Paradise in Plain Sight
Paradise in Plain Sight revolves around a garden Maezen and her husband acquired as a backyard, along with their new home, in 1997, at the start of their marriage. It is the oldest surviving Japanese garden in Southern California, once part of a large garden estate, and at the time they bought it, overrun by invading English Ivy and runaway bamboo. Repairing and caring for this garden became a major focus of Maezen’s life, parallel to her evolution as a wife, mother, and ultimately, Zen teacher. In this beautiful book, the garden manages to be both metaphor and not metaphor – a way of talking about lessons of transience, acceptance, forgiveness, endurance, discipline and more. In her hands, each part of the garden – the ponds, the trees, the flowers, the critters – become metaphors for these themes; and yet, they are also not metaphors, but simply parts of a whole - the real garden (shown in the accompanying pictures.)

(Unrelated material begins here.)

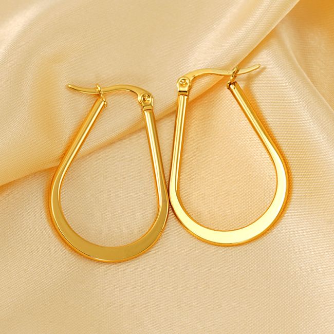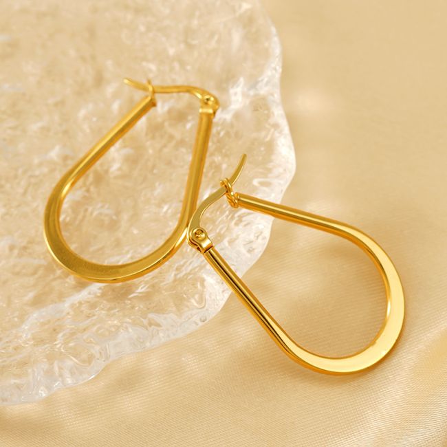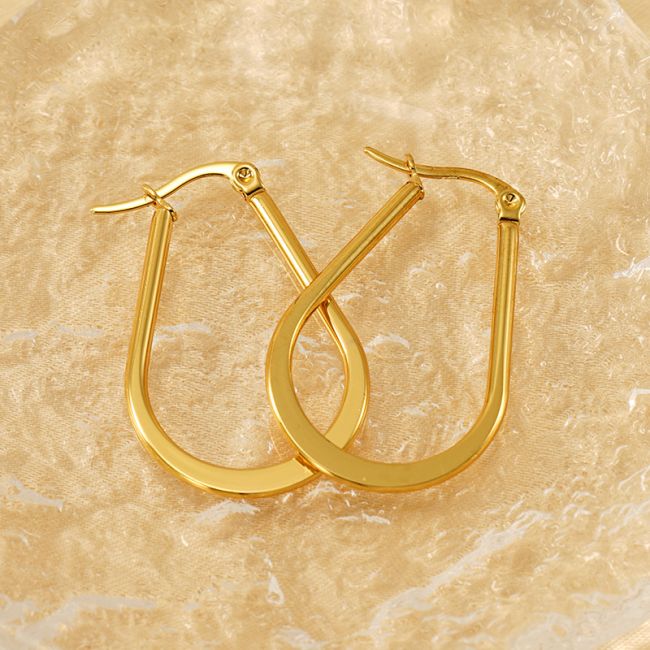 U-Shaped Stainless Steel Hoop Earrings in 18K Gold Plating for Women

The ultimate theme of this book is that our life as it is, not as we would like it to be, is both the ground and fruit of our spiritual practice – this is our paradise. Of course this is easy to say, and almost cliché when we do, but realizing it, and living it, is another thing altogether, and what practice is really meant to support us in. Because Maezen shares so many stories from her life and garden to illustrate this, Paradise in Plain Sight is a book anyone can enjoy, without prior Buddhist knowledge. Yet it’s a testament to the book’s depth, and its Zen transmission, that long-time Buddhists will discover many rich nuggets of wisdom within its pages as well. Consider this explanation of The Four Noble Truths:
“1. Life is suffering. Things change.
2. The origin of suffering is attachment. It hurts when things change.
3. The cessation of suffering is attainable. Accept that things change.
4. There is a way out of suffering. By changing yourself.”
Maezen shares many stories from her time spent with her root teacher, Taizan Maezumi Roshi (1931-1995), one of the most influential Zen teachers to come to the West. She talks about what it means to be a student, the joys and struggles of sangha (spiritual community), and the maturing of a meditation practice over time. In this passage, she shares part of what Maezumi offered her:
“Maezumi introduced me to a dimension of love that we do not often experience. His love was not administered in the guise of charity or sympathy. He did not serve as a counselor, advocate, or intermediary. He had no suggestions for how I could improve myself. He simply sat in a room. When he rang a bell, you could enter, sit in front of him, and be seen. The two of us would talk a little and laugh or cry: whatever. Gradually, I would relax and stop trying to make an impression. His kindness was the profound kindness of seeing a person or thing completely, without judgment. I learned two things by this: that it is rare to be seen and that seeing without judging is an act of love.”
Paradise in Plain Sight is a beautifully written, insightful book that will deepen any established practitioner’s insight, or serve as a wonderful introduction to the dharma, and particularly Zen, for the interested beginner.